Work task:
Copy all records exactly; omit pictures.

--

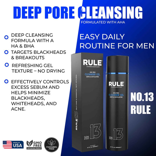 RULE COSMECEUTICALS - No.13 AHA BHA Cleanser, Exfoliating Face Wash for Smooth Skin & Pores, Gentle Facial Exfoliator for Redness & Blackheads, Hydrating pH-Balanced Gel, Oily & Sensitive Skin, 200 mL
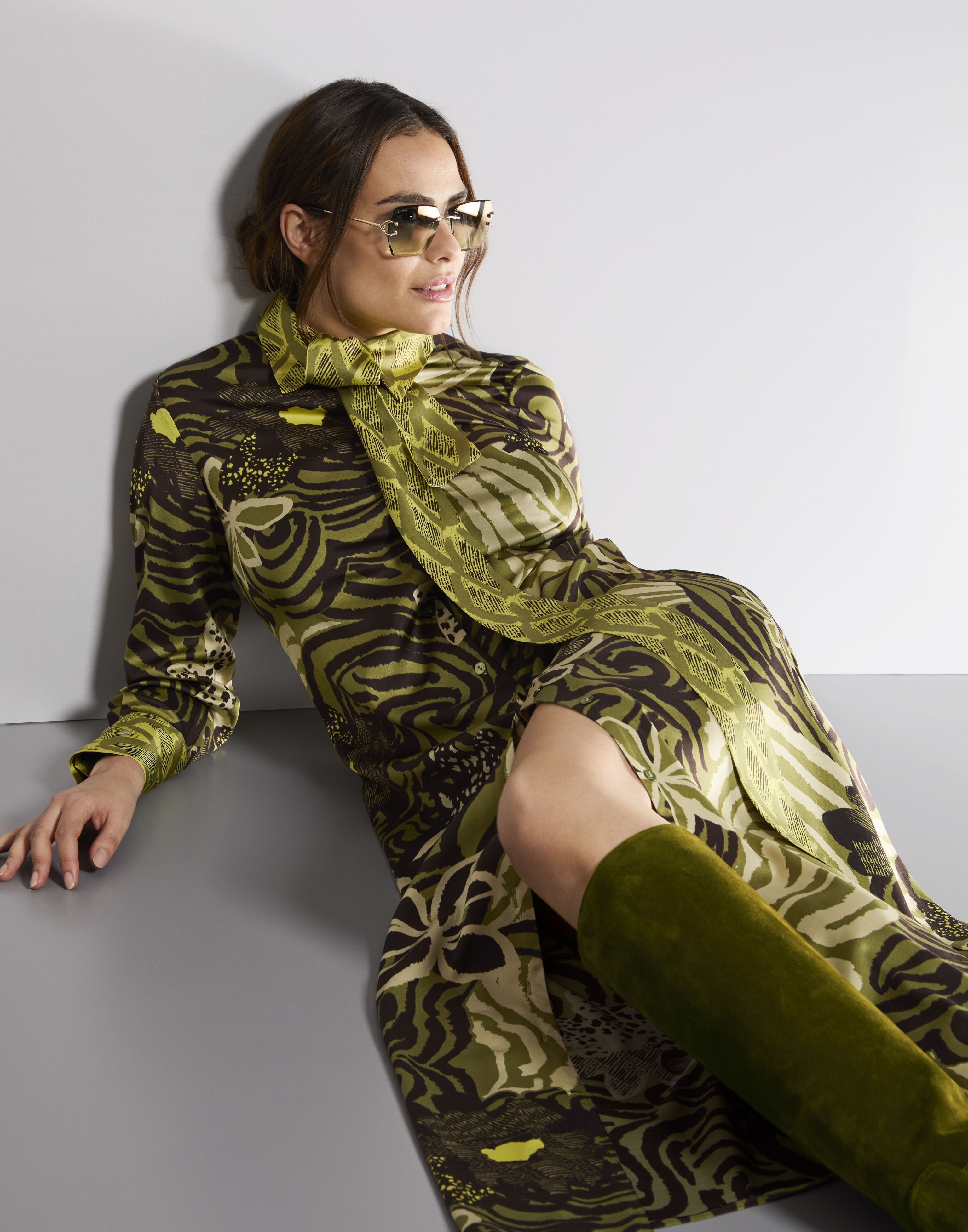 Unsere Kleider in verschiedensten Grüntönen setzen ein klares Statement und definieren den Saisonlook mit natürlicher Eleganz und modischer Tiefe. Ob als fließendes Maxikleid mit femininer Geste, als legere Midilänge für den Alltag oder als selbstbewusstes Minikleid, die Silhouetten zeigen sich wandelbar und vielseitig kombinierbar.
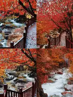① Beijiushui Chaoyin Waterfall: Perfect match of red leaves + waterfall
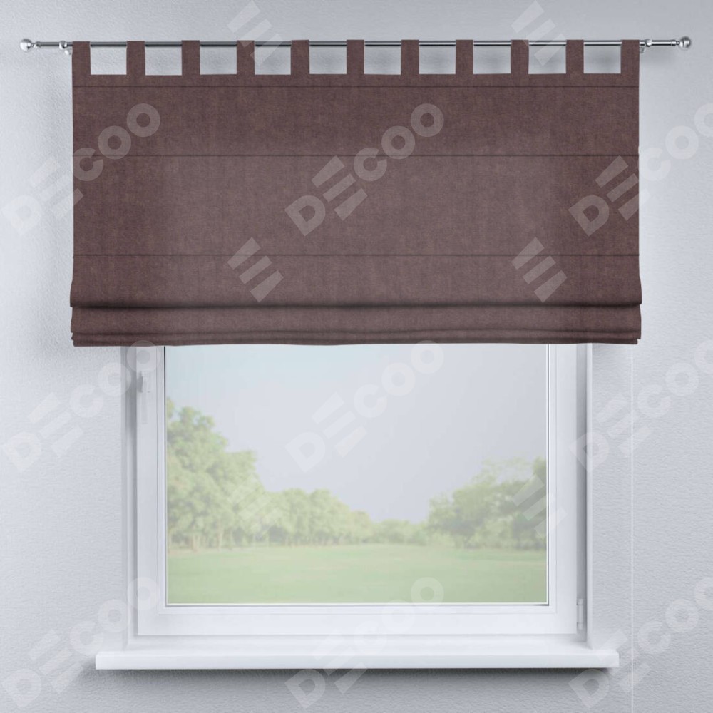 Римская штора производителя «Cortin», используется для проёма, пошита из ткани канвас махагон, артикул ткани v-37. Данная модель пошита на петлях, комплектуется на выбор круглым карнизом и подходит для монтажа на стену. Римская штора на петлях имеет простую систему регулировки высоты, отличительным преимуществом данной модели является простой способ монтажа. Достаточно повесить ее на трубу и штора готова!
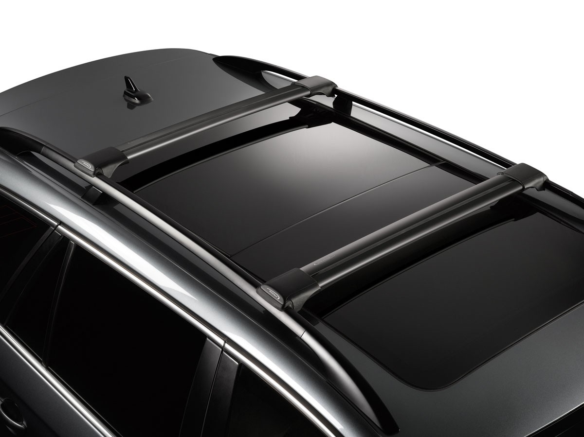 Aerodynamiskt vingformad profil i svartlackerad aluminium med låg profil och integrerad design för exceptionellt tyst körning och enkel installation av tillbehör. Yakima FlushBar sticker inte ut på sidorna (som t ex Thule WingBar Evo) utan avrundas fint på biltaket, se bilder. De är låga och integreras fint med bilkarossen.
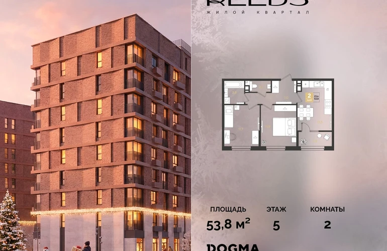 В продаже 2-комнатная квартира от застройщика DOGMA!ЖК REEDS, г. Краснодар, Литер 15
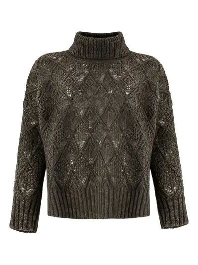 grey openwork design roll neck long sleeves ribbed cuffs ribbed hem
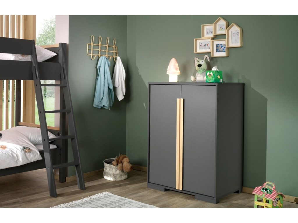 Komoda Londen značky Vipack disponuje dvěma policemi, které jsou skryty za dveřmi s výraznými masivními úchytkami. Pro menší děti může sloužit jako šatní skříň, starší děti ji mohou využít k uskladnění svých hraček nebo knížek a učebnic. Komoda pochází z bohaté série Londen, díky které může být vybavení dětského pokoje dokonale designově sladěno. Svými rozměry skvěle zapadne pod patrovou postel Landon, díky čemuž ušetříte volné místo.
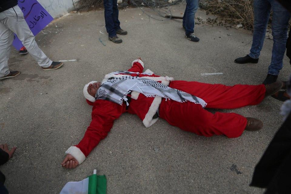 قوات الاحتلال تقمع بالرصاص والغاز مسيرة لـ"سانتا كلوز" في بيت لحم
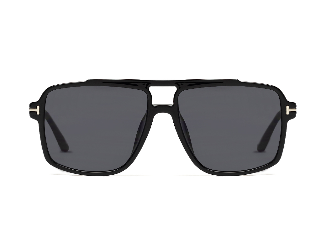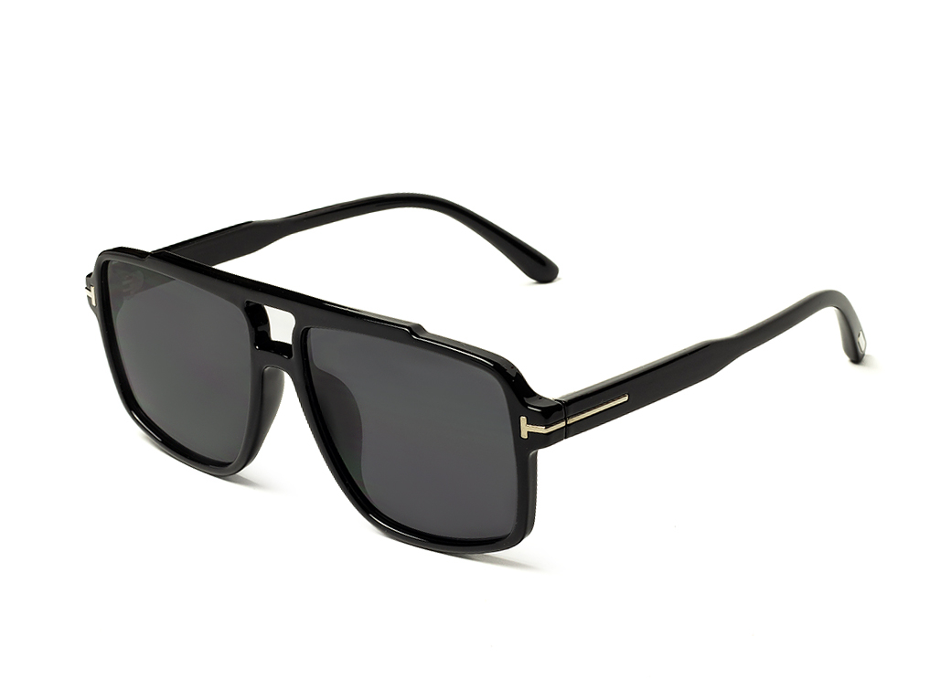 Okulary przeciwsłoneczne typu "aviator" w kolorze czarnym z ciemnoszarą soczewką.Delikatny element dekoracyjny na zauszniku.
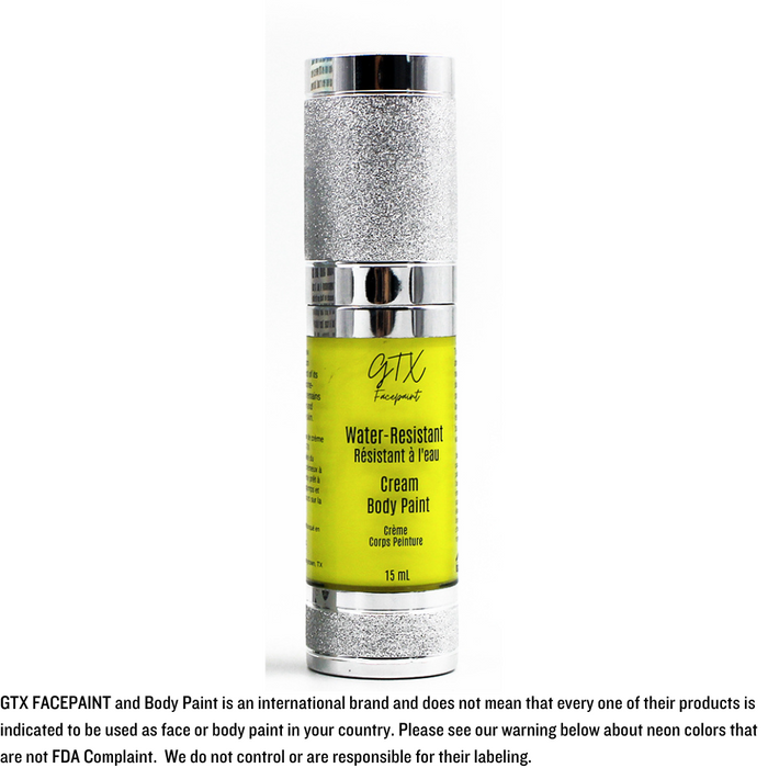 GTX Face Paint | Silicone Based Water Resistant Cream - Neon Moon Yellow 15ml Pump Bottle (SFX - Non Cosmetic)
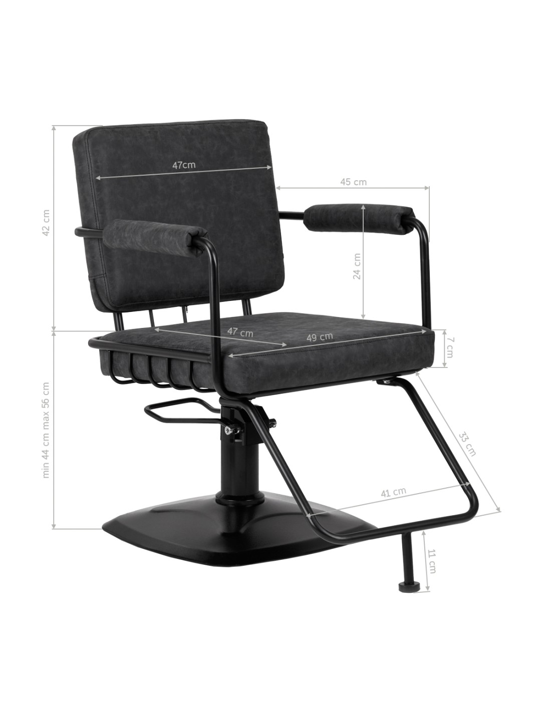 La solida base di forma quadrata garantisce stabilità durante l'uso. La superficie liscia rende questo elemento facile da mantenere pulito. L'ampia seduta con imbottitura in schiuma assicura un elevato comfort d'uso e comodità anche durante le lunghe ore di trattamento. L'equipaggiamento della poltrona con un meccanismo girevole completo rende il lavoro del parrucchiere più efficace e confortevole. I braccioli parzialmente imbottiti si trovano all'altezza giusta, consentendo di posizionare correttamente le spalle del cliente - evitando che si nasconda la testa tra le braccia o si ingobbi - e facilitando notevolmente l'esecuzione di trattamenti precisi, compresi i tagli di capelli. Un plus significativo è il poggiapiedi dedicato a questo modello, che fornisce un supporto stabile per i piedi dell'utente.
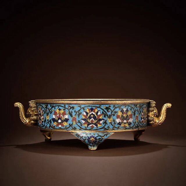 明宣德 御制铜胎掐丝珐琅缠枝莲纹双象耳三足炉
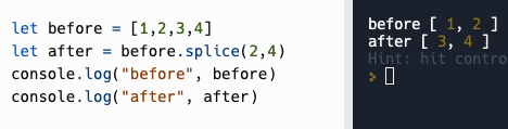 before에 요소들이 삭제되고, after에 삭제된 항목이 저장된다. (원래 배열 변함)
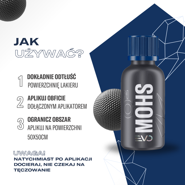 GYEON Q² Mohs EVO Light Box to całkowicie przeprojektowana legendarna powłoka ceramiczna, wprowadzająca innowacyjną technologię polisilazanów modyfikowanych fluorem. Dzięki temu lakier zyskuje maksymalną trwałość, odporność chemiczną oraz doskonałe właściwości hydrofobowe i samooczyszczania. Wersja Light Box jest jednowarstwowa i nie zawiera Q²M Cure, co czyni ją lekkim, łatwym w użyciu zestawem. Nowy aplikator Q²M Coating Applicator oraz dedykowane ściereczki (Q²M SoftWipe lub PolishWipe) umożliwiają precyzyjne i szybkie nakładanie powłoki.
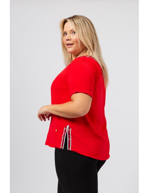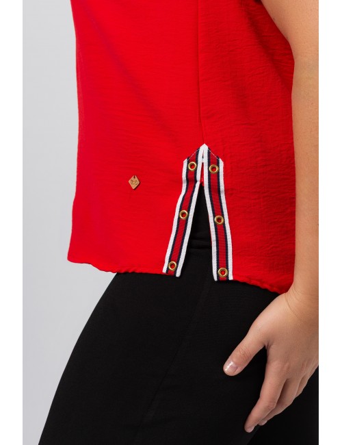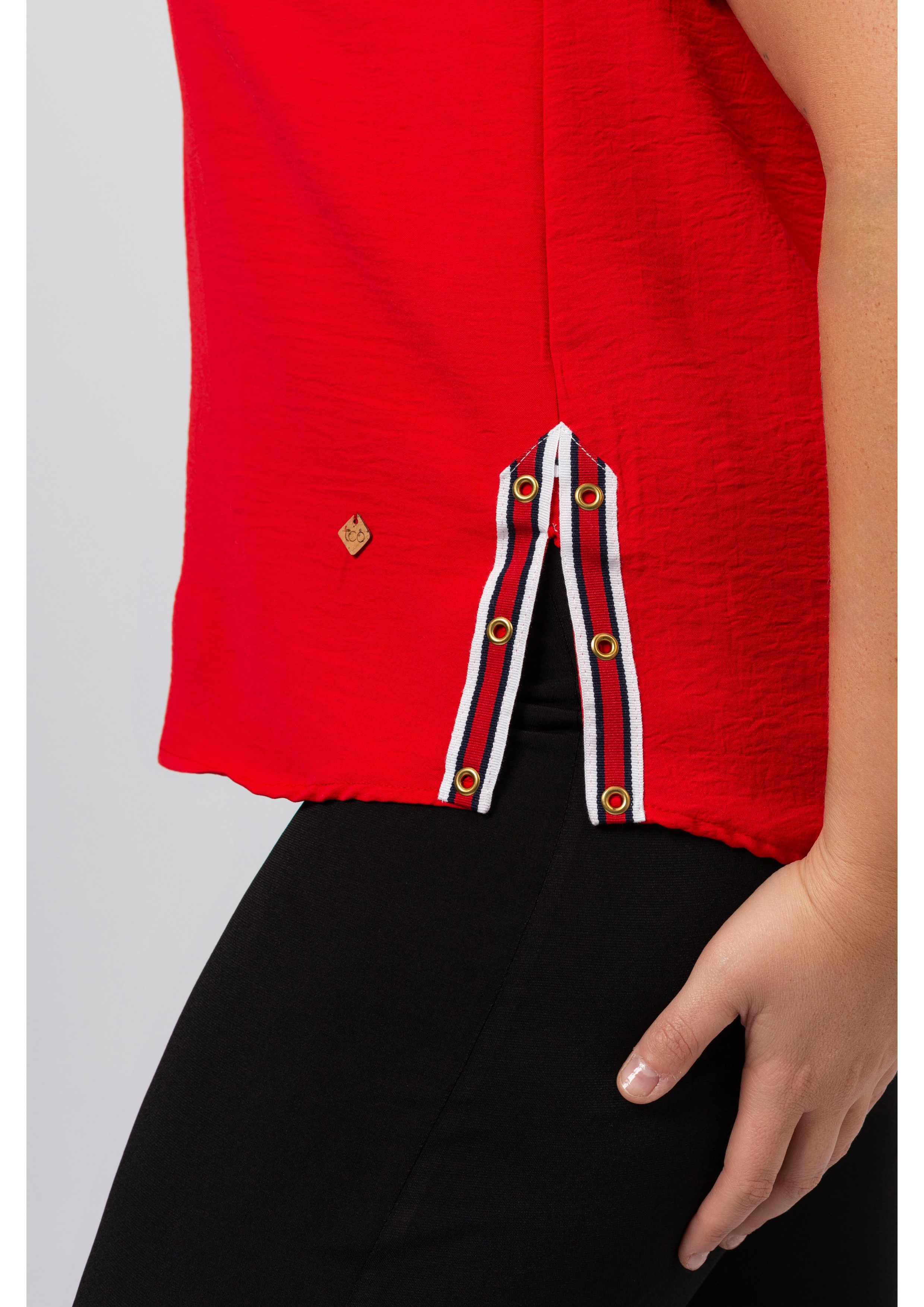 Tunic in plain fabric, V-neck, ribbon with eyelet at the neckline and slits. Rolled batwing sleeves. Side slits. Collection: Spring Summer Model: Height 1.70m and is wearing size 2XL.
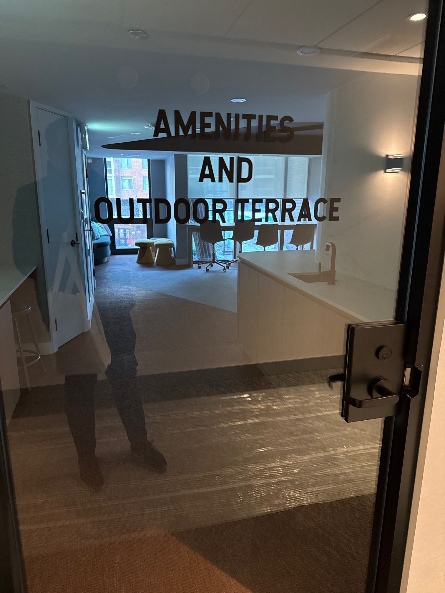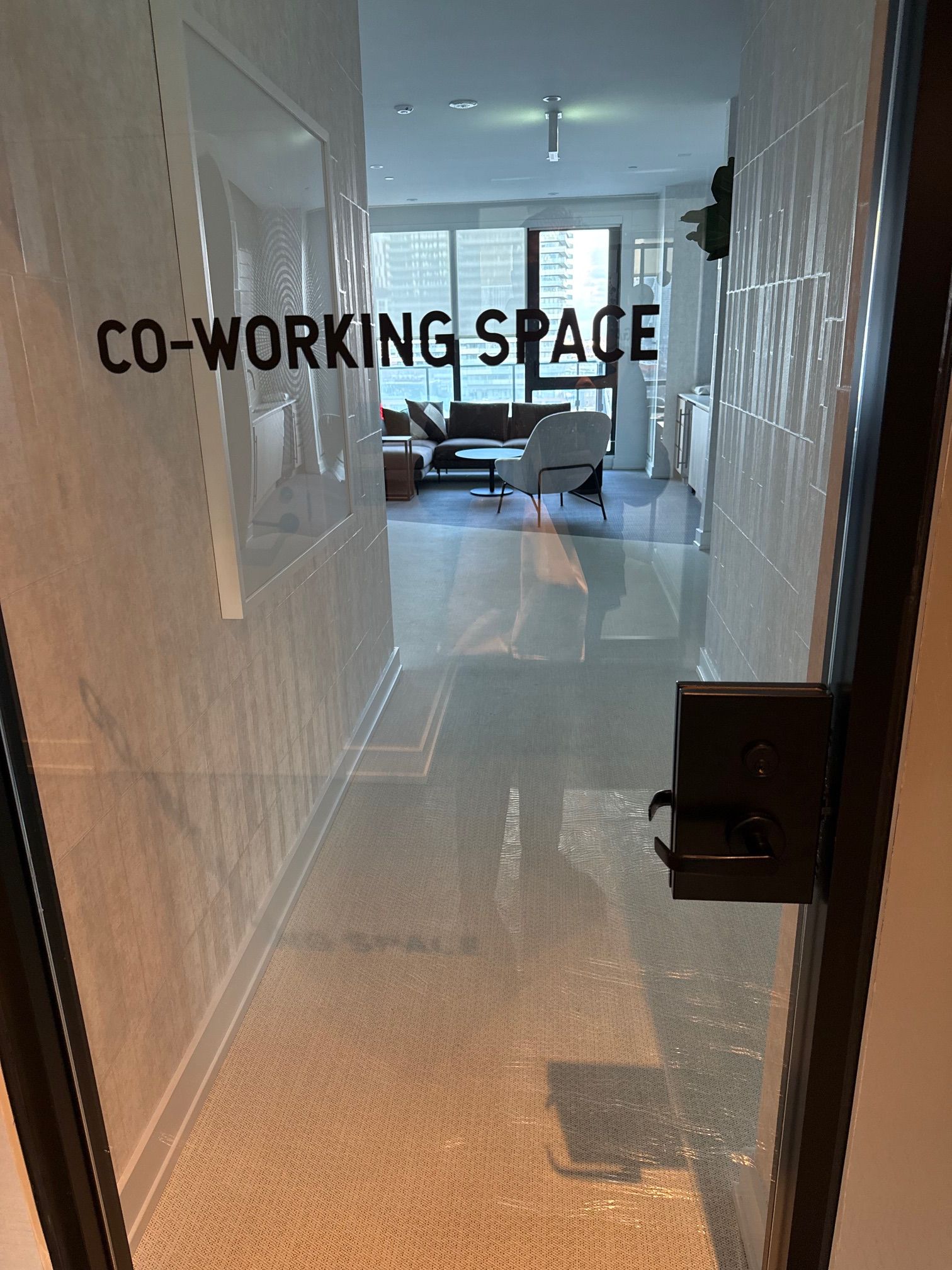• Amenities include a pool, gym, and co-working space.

--

Written answer:
 RULE COSMECEUTICALS - No.13 AHA BHA Cleanser, Exfoliating Face Wash for Smooth Skin & Pores, Gentle Facial Exfoliator for Redness & Blackheads, Hydrating pH-Balanced Gel, Oily & Sensitive Skin, 200 mL
 Unsere Kleider in verschiedensten Grüntönen setzen ein klares Statement und definieren den Saisonlook mit natürlicher Eleganz und modischer Tiefe. Ob als fließendes Maxikleid mit femininer Geste, als legere Midilänge für den Alltag oder als selbstbewusstes Minikleid, die Silhouetten zeigen sich wandelbar und vielseitig kombinierbar.
① Beijiushui Chaoyin Waterfall: Perfect match of red leaves + waterfall
 Римская штора производителя «Cortin», используется для проёма, пошита из ткани канвас махагон, артикул ткани v-37. Данная модель пошита на петлях, комплектуется на выбор круглым карнизом и подходит для монтажа на стену. Римская штора на петлях имеет простую систему регулировки высоты, отличительным преимуществом данной модели является простой способ монтажа. Достаточно повесить ее на трубу и штора готова!
 Aerodynamiskt vingformad profil i svartlackerad aluminium med låg profil och integrerad design för exceptionellt tyst körning och enkel installation av tillbehör. Yakima FlushBar sticker inte ut på sidorna (som t ex Thule WingBar Evo) utan avrundas fint på biltaket, se bilder. De är låga och integreras fint med bilkarossen.
 В продаже 2-комнатная квартира от застройщика DOGMA!ЖК REEDS, г. Краснодар, Литер 15
 grey openwork design roll neck long sleeves ribbed cuffs ribbed hem
 Komoda Londen značky Vipack disponuje dvěma policemi, které jsou skryty za dveřmi s výraznými masivními úchytkami. Pro menší děti může sloužit jako šatní skříň, starší děti ji mohou využít k uskladnění svých hraček nebo knížek a učebnic. Komoda pochází z bohaté série Londen, díky které může být vybavení dětského pokoje dokonale designově sladěno. Svými rozměry skvěle zapadne pod patrovou postel Landon, díky čemuž ušetříte volné místo.
 قوات الاحتلال تقمع بالرصاص والغاز مسيرة لـ"سانتا كلوز" في بيت لحم
 Okulary przeciwsłoneczne typu "aviator" w kolorze czarnym z ciemnoszarą soczewką.Delikatny element dekoracyjny na zauszniku.
 GTX Face Paint | Silicone Based Water Resistant Cream - Neon Moon Yellow 15ml Pump Bottle (SFX - Non Cosmetic)
 La solida base di forma quadrata garantisce stabilità durante l'uso. La superficie liscia rende questo elemento facile da mantenere pulito. L'ampia seduta con imbottitura in schiuma assicura un elevato comfort d'uso e comodità anche durante le lunghe ore di trattamento. L'equipaggiamento della poltrona con un meccanismo girevole completo rende il lavoro del parrucchiere più efficace e confortevole. I braccioli parzialmente imbottiti si trovano all'altezza giusta, consentendo di posizionare correttamente le spalle del cliente - evitando che si nasconda la testa tra le braccia o si ingobbi - e facilitando notevolmente l'esecuzione di trattamenti precisi, compresi i tagli di capelli. Un plus significativo è il poggiapiedi dedicato a questo modello, che fornisce un supporto stabile per i piedi dell'utente.
 明宣德 御制铜胎掐丝珐琅缠枝莲纹双象耳三足炉
 before에 요소들이 삭제되고, after에 삭제된 항목이 저장된다. (원래 배열 변함)
 GYEON Q² Mohs EVO Light Box to całkowicie przeprojektowana legendarna powłoka ceramiczna, wprowadzająca innowacyjną technologię polisilazanów modyfikowanych fluorem. Dzięki temu lakier zyskuje maksymalną trwałość, odporność chemiczną oraz doskonałe właściwości hydrofobowe i samooczyszczania. Wersja Light Box jest jednowarstwowa i nie zawiera Q²M Cure, co czyni ją lekkim, łatwym w użyciu zestawem. Nowy aplikator Q²M Coating Applicator oraz dedykowane ściereczki (Q²M SoftWipe lub PolishWipe) umożliwiają precyzyjne i szybkie nakładanie powłoki.
 Tunic in plain fabric, V-neck, ribbon with eyelet at the neckline and slits. Rolled batwing sleeves. Side slits. Collection: Spring Summer Model: Height 1.70m and is wearing size 2XL.
• Amenities include a pool, gym, and co-working space.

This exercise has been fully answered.